**PROBLEM REQUIREMENTS:** Two lines in the data below mark the range: the one with "The Aptamil 1" and the one with "2時間目の授業中に、不審者役". Return both, along with every line between them, exactly.

**GIVEN DATA:**
>>>>>

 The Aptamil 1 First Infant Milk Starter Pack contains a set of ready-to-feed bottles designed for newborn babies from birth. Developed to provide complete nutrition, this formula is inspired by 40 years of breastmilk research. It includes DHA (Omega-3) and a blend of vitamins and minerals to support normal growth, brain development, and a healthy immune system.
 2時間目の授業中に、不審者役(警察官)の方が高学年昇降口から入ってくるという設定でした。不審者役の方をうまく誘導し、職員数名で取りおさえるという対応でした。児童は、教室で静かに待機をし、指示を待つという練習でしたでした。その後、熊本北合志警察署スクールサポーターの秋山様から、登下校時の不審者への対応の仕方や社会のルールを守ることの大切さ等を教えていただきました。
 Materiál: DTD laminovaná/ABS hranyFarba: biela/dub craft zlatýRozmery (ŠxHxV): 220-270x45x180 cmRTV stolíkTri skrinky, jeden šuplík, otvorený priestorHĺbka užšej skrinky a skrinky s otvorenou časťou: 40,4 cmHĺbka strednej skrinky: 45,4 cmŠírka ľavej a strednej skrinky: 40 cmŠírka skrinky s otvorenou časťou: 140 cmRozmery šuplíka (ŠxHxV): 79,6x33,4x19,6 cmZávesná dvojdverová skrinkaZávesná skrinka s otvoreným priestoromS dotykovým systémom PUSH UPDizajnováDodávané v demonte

<<<<<
>>>>>

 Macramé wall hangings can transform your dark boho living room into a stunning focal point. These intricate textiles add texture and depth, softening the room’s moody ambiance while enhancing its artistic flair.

<<<<<

**ANSWER SPACE:**
 The Aptamil 1 First Infant Milk Starter Pack contains a set of ready-to-feed bottles designed for newborn babies from birth. Developed to provide complete nutrition, this formula is inspired by 40 years of breastmilk research. It includes DHA (Omega-3) and a blend of vitamins and minerals to support normal growth, brain development, and a healthy immune system.
 2時間目の授業中に、不審者役(警察官)の方が高学年昇降口から入ってくるという設定でした。不審者役の方をうまく誘導し、職員数名で取りおさえるという対応でした。児童は、教室で静かに待機をし、指示を待つという練習でしたでした。その後、熊本北合志警察署スクールサポーターの秋山様から、登下校時の不審者への対応の仕方や社会のルールを守ることの大切さ等を教えていただきました。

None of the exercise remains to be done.